Posts Tagged ‘Thomas Hardy’

There’s no picture this week as I read a book on my e-reader!

Book 13 – The Mayor of Casterbridge, by Thomas Hardy. This is the story of Michael Henchard, and how an angry drunken decision shapes his life to come.

One day, after an excess of rum at a country market, Henchard sells his wife to a sailor for five guineas. His wife leaves with their baby, but once the alcohol has worn off, Henchard realises what he has done, and searches out his lost family. After a long search, and a vow of abstinence, he gives up hope of finding them and settles in the town of Casterbridge, where his energy and drive help him build a successful life and eventually become mayor of the town.

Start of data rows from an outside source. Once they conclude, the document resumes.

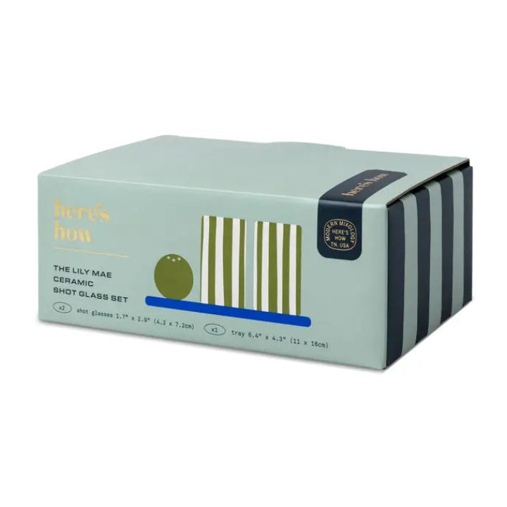 The Lily Mae Ceramic Tequila Shot Glass Set w/ Tray and Shaker - Cobalt + Olive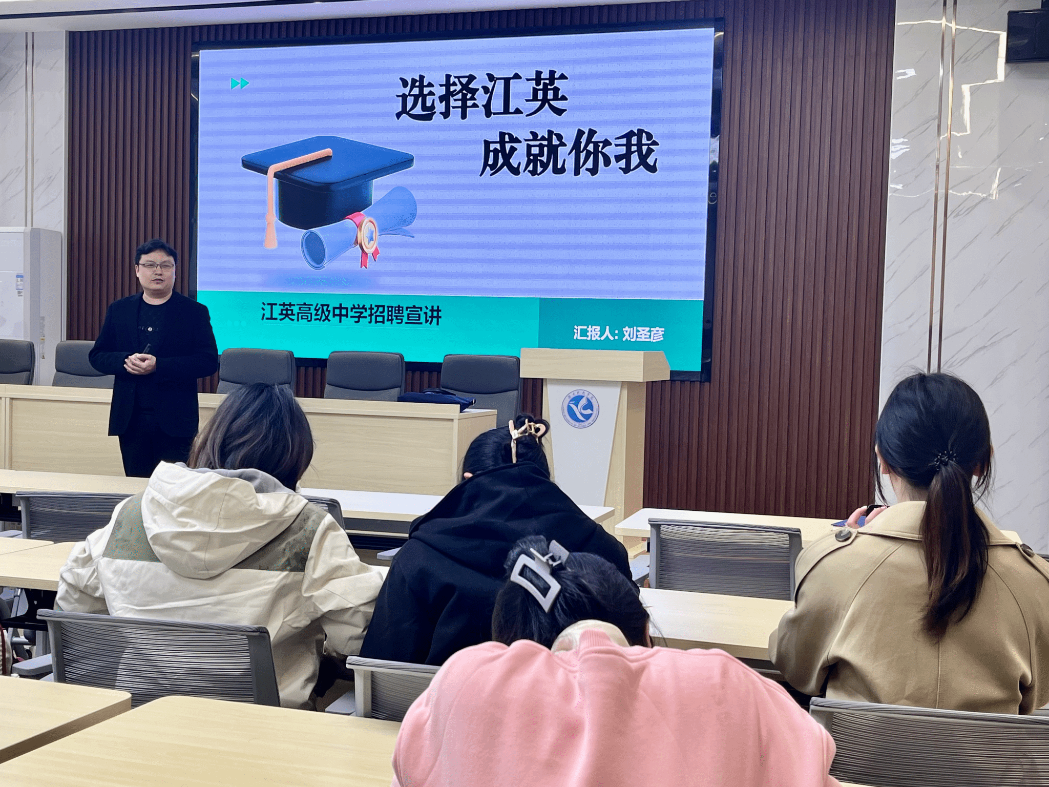 会上,招聘负责人刘圣彦老师详细介绍了安化县江英高级中学的办学环境、办学成果、办学理念、待遇福利、岗位需求以及面试形式等。在交流环节,同学们就入职时间、培训晋升、住宿情况、公积金缴纳比例、课程工作量等问题展开提问,刘老师一一进行了细致详尽的解答。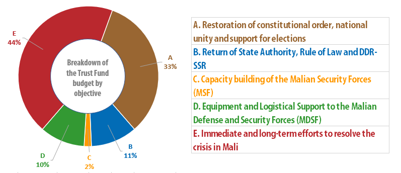 The United Nations Trust Fund for Peace and Security in Mali was created at the request of the Security Council (Resolution 2085 (2012)). The Fund aims to support the efforts of the Government of Mali to face the crisis and guarantee the country's long-term development prospects. More specifically, it is about helping to ensure that Mali succeeds in restoring constitutional order, and in national unity. The Fund also supports the various planned electoral processes; the return of state authority, the rule of law and the reform of the security sector as well as the process of disarmament, demobilization and reintegration / reintegration of ex-combatants (RSS / DDR). The Trust Fund is also intended to help strengthen the technical, logistical and material capacities of the Malian Defense and Security Forces (MDSF). Finally, it participates in immediate and long-term efforts to resolve the crisis in Mali.
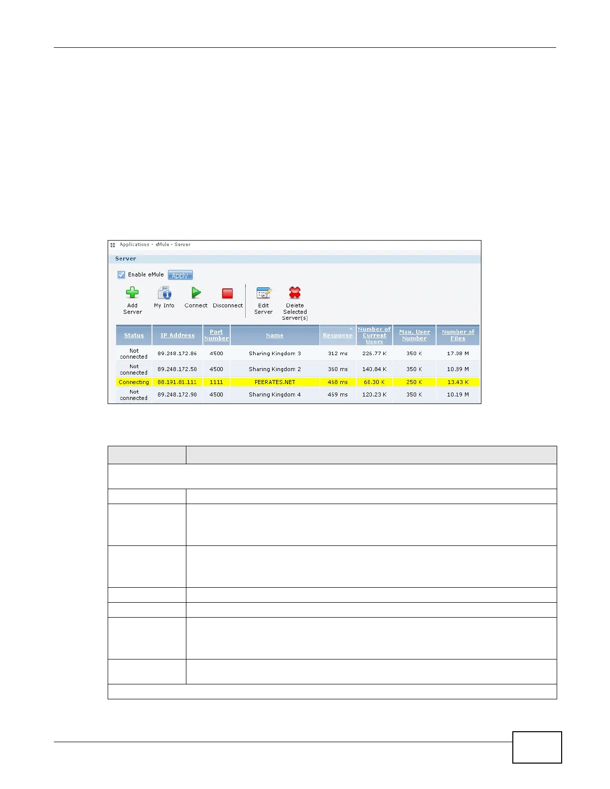 Table 58 Applications > eMule > Server

However, when the sailor is lost at sea and presumed drowned, his wife reappears, and thus begins the slow destruction of Henchard’s life.

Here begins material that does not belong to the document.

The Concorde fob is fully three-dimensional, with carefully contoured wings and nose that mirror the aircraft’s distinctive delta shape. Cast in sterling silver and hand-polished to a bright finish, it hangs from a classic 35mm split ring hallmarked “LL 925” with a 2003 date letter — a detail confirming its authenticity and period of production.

This book is a classic, and although I’ve never read it before, my sister told me she studied it at school; it’s that kind of literature, where you could dig for ages to get to the root of the story, the motifs, the underlying morality tale.

The protagonist is not heroic, or good, but is a deeply flawed human being whose feelings of anger, jealousy and self-satisfaction combine to cause him great harm – he reviles the daughter who loves him, mis-uses the women who have counted on him and threatens and harms the man he once called his closest friend.

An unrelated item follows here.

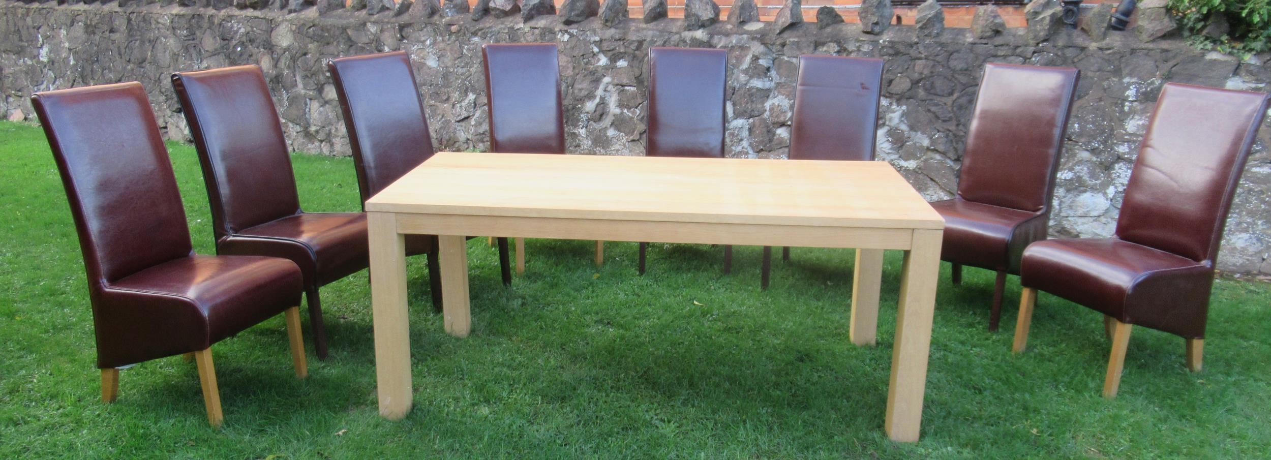 A modern dining table and harlequin set of 8 dining chairs

This book is a study in self-deception; it is only through his often wilful blindness to the reality of any given situation that Henchard loses everything he holds dear. He is weak when he thinks he is strong, considering violence of thought and deed as the strongest part of him when it is the most damaging part, like a poison killing him over years.

And yet, he is a sympathetic character. His friend, Mr Farfrae, is more fun, kinder, better in many ways; but I wanted Henchard to succeed. I wanted him to come good when Farfrae – whose position in Casterbridge society was entirely due to Henchard – was benefitting from Henchard’s misfortune, even when that misfortune was self-inflicted.

For me, this was a powerful book. The women, as is often the case, were not entirely to my taste but even so, this book lingers in your mind for a while after reading it.  Henchard was a cruel man in many ways but he also sought to put right the wrong he did, and when he could not he tried to make a successful life: the question Hardy’s writing forces the reader to ask, is can anyone ever put their mistakes behind them?  Is anyone ever free to move on from their past?

I understand that Hardy will not be to everyone’s taste but I find his writing earthy and full of depth, easy to access but requiring thought to understand the implications of the scene he sets out.  I find it stimulating to read.

This is a book I would recommend not because everyone might enjoy it, or because it is comforting but because it is not – it is a book which forces contemplation.